Der erste Fall der Steroidanwendung bei refraktärer Hypoglykämie bei Genius General trat vor einigen Jahren auf. Ein Patient entwickelte zahlreiche Episoden von Hypoglykämie, die große Mengen IV-Dextrose erforderten. Um eine wiederkehrende Hypoglykämie zu vermeiden, wurden 125 mg IV Methylprednisolon verabreicht. Die Hypoglykämie löste sich sofort auf, der Patient entwickelte jedoch anschließend eine moderate Hyperglykämie im Bereich von 300-400 mg/dl (ohne diabetische Ketoazidose)., Dem Patienten ging es klinisch gut. Dieser Fall deutete jedoch darauf hin, dass Steroide mit einer kürzeren Halbwertszeit (z. B. IV-Hydrocortison) vorzuziehen sind, um die Titration zu erleichtern und eine verlängerte Hyperglykämie zu vermeiden.

Fall #2

Eine 60-jährige Frau mit Typ-II-Diabetes wurde nach einem Selbstmordversuch mit Glargin-Insulin ins Krankenhaus gebracht. Vor der Ankunft war der Patient bei Bewusstsein und wurde mit oralem Kohlenhydrat behandelt. Anfangs erhielt sie aggressive IV Dextrose (mehrere Ampullen D50W plus eine Infusion von D10W bei 200 ml/h). Ihre Glukose blieb jedoch unter 30 mg / dl., Glücklicherweise blieb sie nur leicht symptomatisch mit einer Glukose im Bereich von 20-30 mg/dl (möglicherweise aufgrund einer ausreichenden intrazellulären Glukose).

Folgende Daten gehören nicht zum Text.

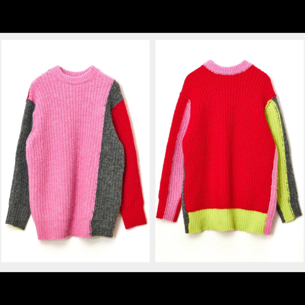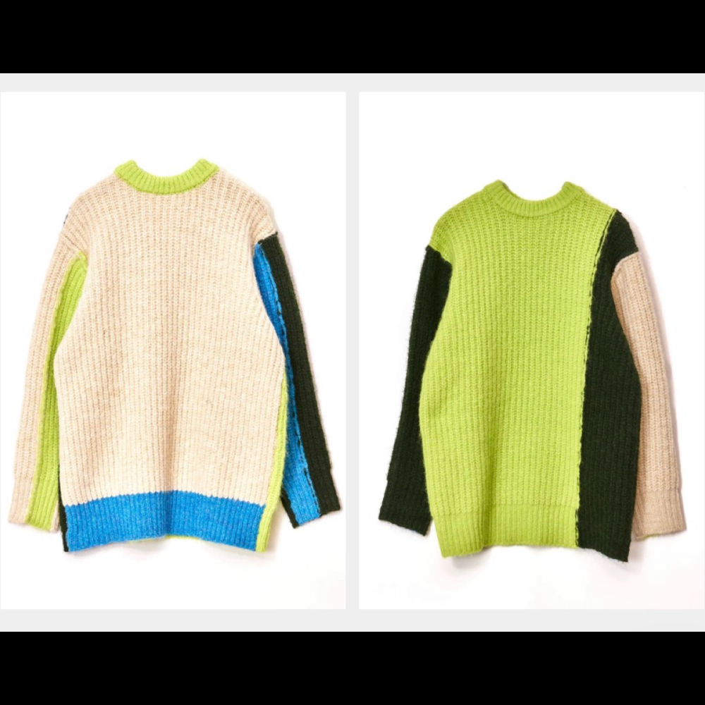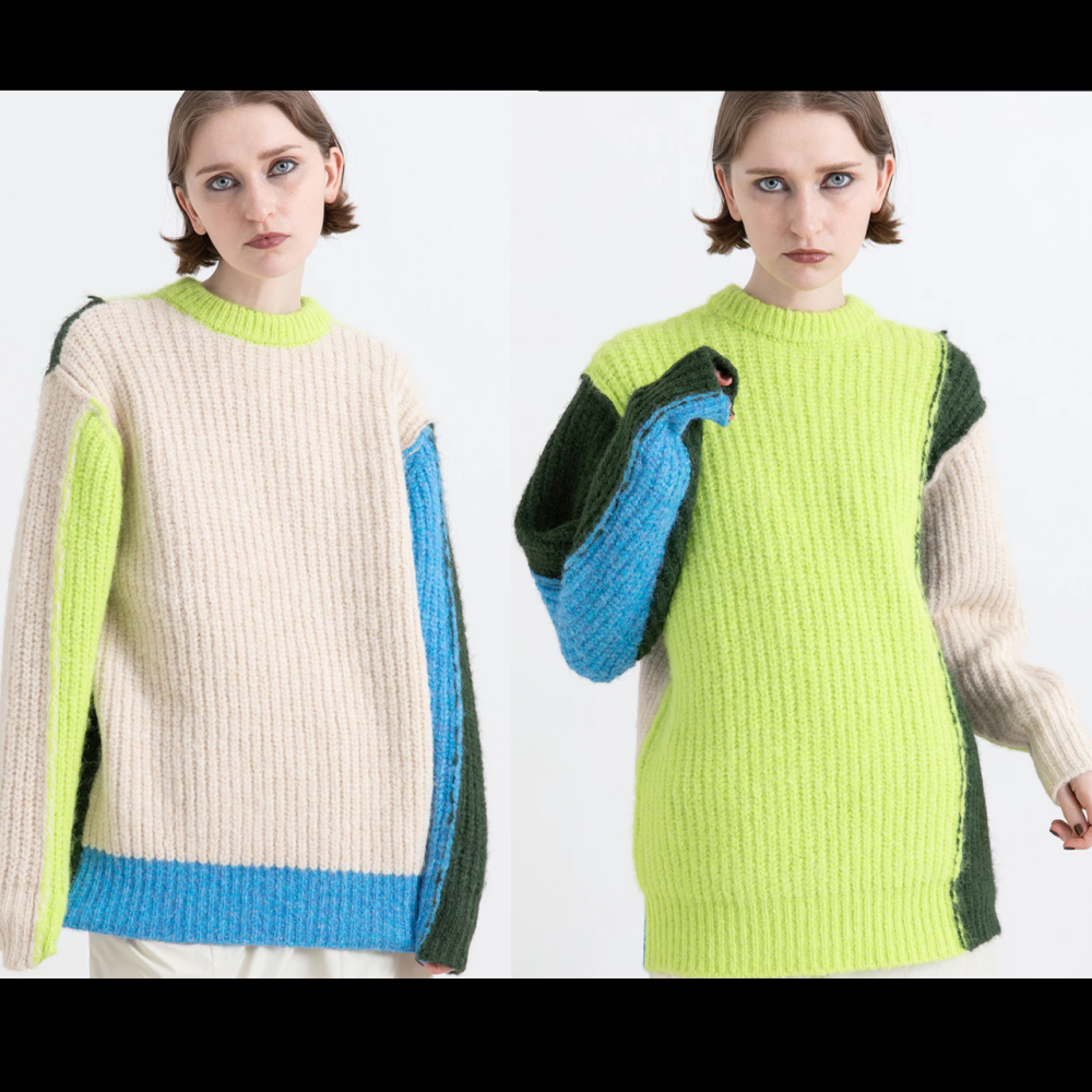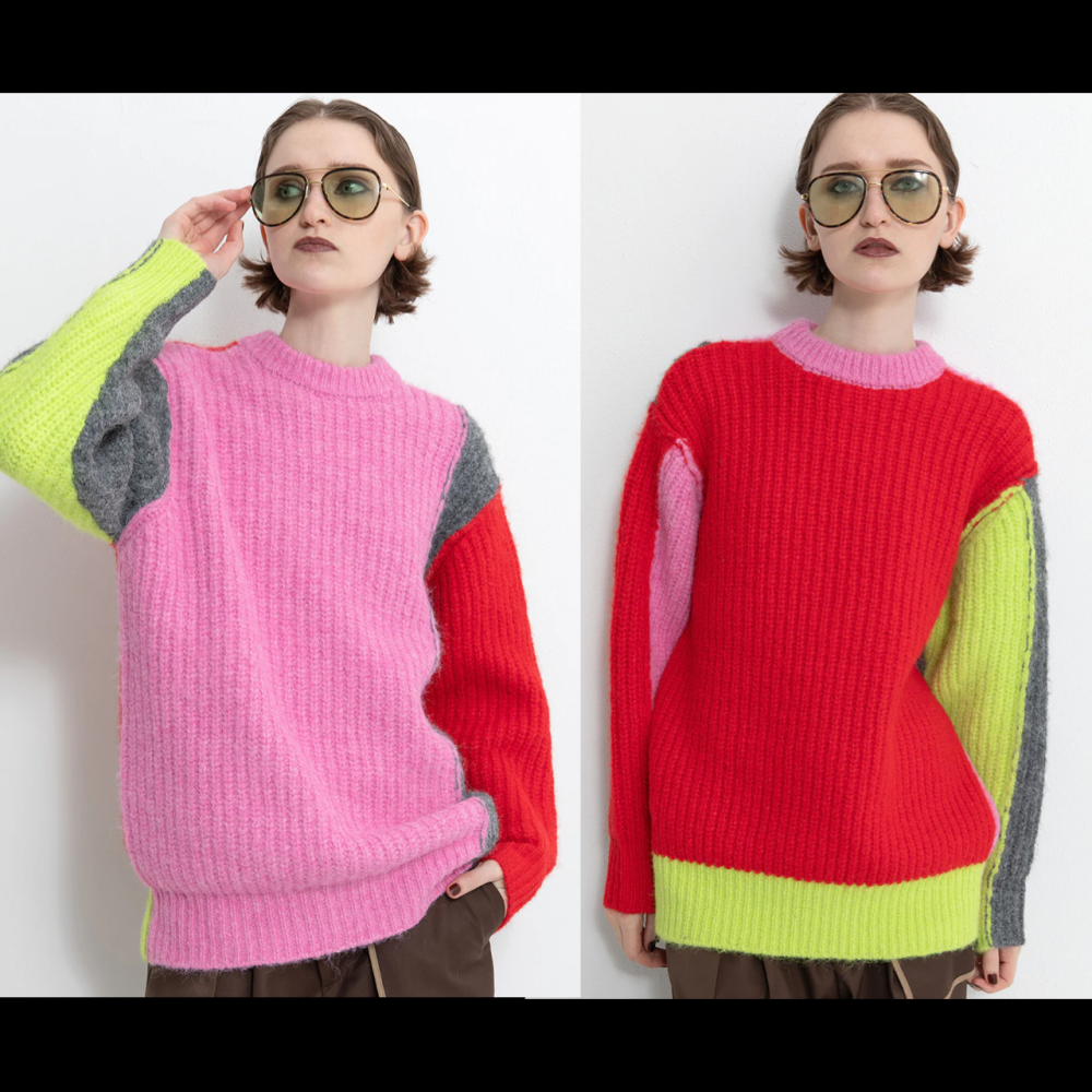 回収されたペットボトルから作られたリサイクルポリエステル糸が混紡されたモヘアタッチのカラーニット。

Basierend auf dem Versagen von IV Dextrose wurde 100 mg IV Hydrocortison Q6hr initiiert. Unmittelbar nach Beginn der Schwangerschaft stieg ihre Glukose auf ein sicheres Niveau. Die D10W-Infusion wurde von 200 ml/h auf 100 ml/h reduziert. In den nächsten zwei Tagen wurden Steroid-und D10W-Infusionen allmählich entwöhnt. Ihre Genesung war unauffällig, ohne Wiederauftreten von Hypoglykämie.,

Sie erhielt eine Dosis IV Glucagon zusammen mit der ersten Dosis Hydrocortison. Dies könnte das Wasser ein wenig trüben. Angesichts der kurzen Dauer von Glucagon (normalerweise 15-20 Minuten) ist es jedoch äußerst zweifelhaft, dass eine Einzeldosis ihre anhaltende Verbesserung erklären könnte.

Lehrbuch Behandlung einer Insulinvergiftung

Eine schwere Insulinüberdosis tritt normalerweise als Selbstmordversuch auf, kann aber auch auf einen Medikamentenfehler zurückzuführen sein. Die konventionelle Therapie konzentriert sich auf die Abgabe von Tonnen intravenöser Glukose., Dies funktioniert im Allgemeinen, kann jedoch unordentlich werden:

  • In schweren Fällen ist eine zentrale Zeilenplatzierung erforderlich, um die D20W-oder D50W-Infusion zu verabreichen.
  • Es kann zu einer Durchbruchhypoglykämie mit einem Anfallsrisiko und einer Hirnverletzung kommen.
  • Großvolumige Infusions – und Insulineffekte können Volumenüberlastung und Elektrolytverfall verursachen (z. B. Hypokaliämie, Hyponatriämie, Hypomagnesiämie, Hypophosphatämie).
  • Leberschäden können auftreten, da Hepatozyten mit dem Zustrom von Glukose überlastet sind (Warriner 2012).,

In einigen Fallberichten wurde beschrieben, wie die Haut um die Injektionsstelle von Glargin chirurgisch entfernt wurde, um die Dauer der Hypoglykämie zu verkürzen. Obwohl potenziell wirksam, erfordert dies einen aufkommenden chirurgischen Eingriff, um normales Gewebe zu entfernen.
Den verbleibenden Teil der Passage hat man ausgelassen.